Removal of Pharmaceuticals from Water by Tomato Waste as Novel Promising Biosorbent: Equilibrium, Kinetics, and Thermodynamics

Abstract

Tomato waste was studied as a low-cost biosorbent for the removal of five pharmaceuticals (dexamethasone, febantel, procaine, praziquantel, and tylosin) from water. Tomato waste was characterized chemically and microstructurally before and after simulated sorption. Sorption performance was interpreted as a function of the initial pharmaceuticals concentration, temperature, and physicochemical properties of the tomato waste. The linear, Freundlich, and Dubinin–Radushkevich (D-R) isotherms were used to describe the experimental results at different temperatures (298, 303, and 308 K). Thermodynamic parameters such as standard free energy (ΔG°), enthalpy change (ΔH°), and entropy change (ΔS°) were determined. Negative values of ΔG° in the temperature range of 298–308 K strongly indicate the spontaneous nature of the biosorption process. In addition, the values of ΔH° for the biosorption of dexamethasone, procaine, praziquantel, and tylosin on tomato waste were negative, indicating exothermic processes, while the positive value for febantel indicated an endothermic process.

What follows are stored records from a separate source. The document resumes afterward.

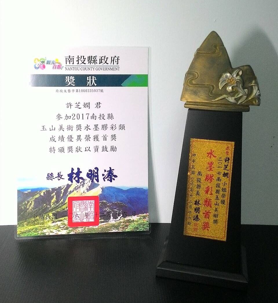 賀 美術與文創學系研究生許芝嫻同學參加「2017南投縣玉山美術獎」榮獲水墨膠彩類-首獎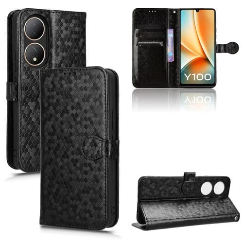 Funda de Cuero con Textura de Puntos En Forma de Panal para Vivo Y100 5G (Negra)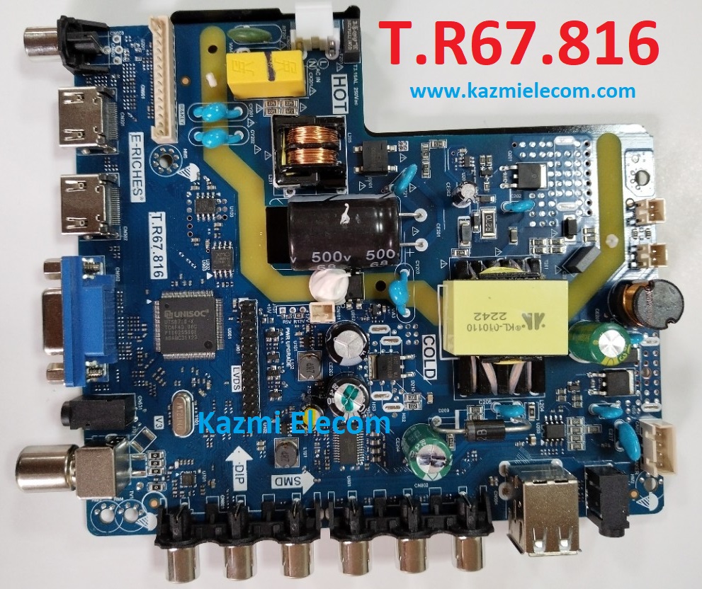 T.R67.816 is a simple ATV Driver Motherboard designed for LCD/LED TVs. It is designed to support Full HD LCD/LED Panel Screens. This board is suitable for the Asia Pacific and the Middle East markets. This is a three-in-one Combo Board. The main power module LED Backlight Inverter Circuit module and ATV Card are built into this motherboard. This board has all the features and connectivity ports as per the latest user requirements like HDMI input, USB interface, PC input, Component Input, TV, and Scart.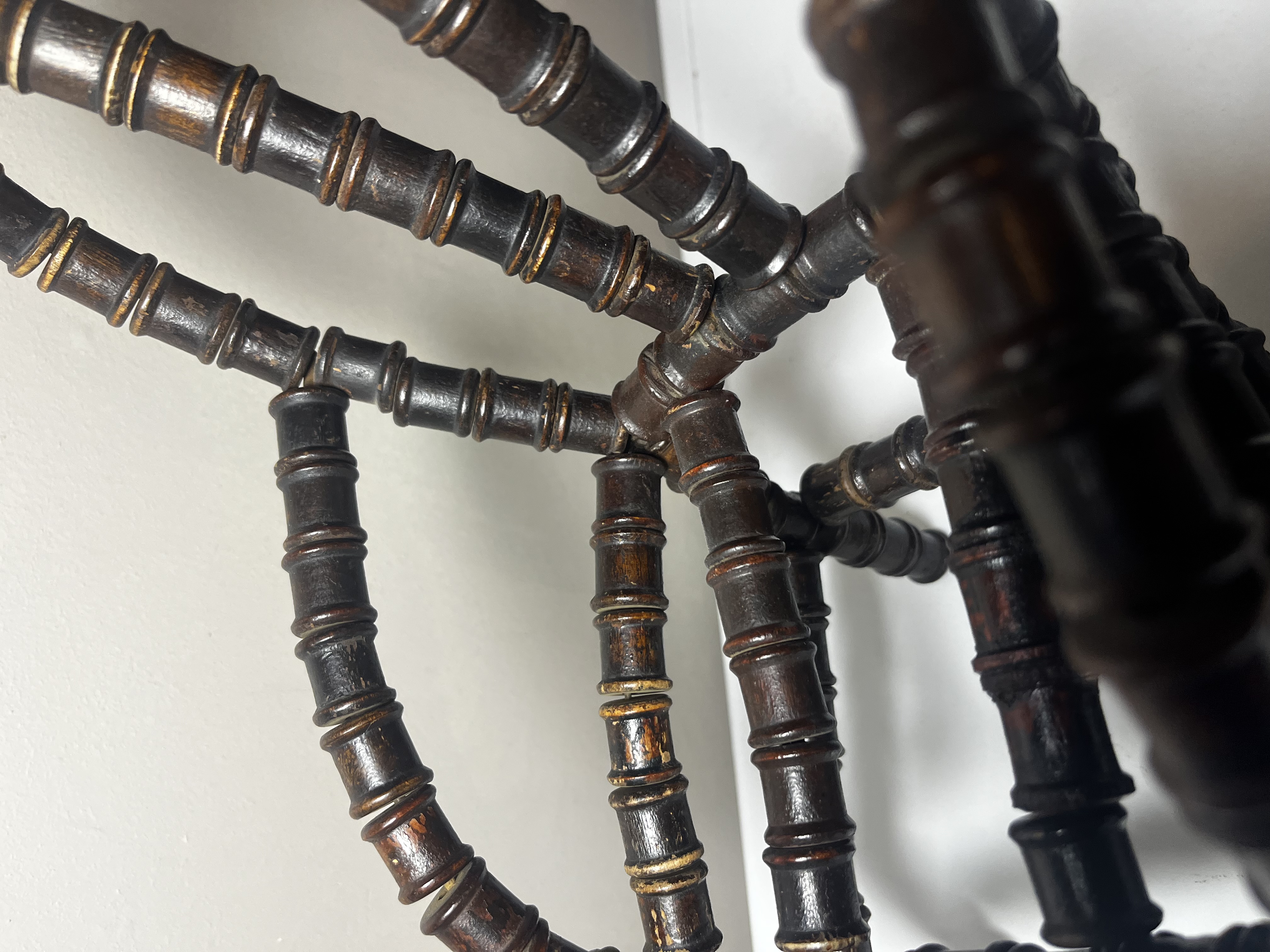 Lot 48: Unique Handmade Antique Victorian Folk Art Treen Dolls Rocking Chair & Table for Display Miniature Spindles Bobbins Reels

The kinetic data were analyzed using (i) kinetic models to determine the kinetic parameters (Lagergren’s pseudo-first order and Ho’s pseudo-second order) and (ii) adsorption–diffusion models to the describe transport mechanisms of pharmaceuticals from aqueous solution onto tomato waste as adsorbent (Weber–Morris intraparticle diffusion and Boyd film diffusion models).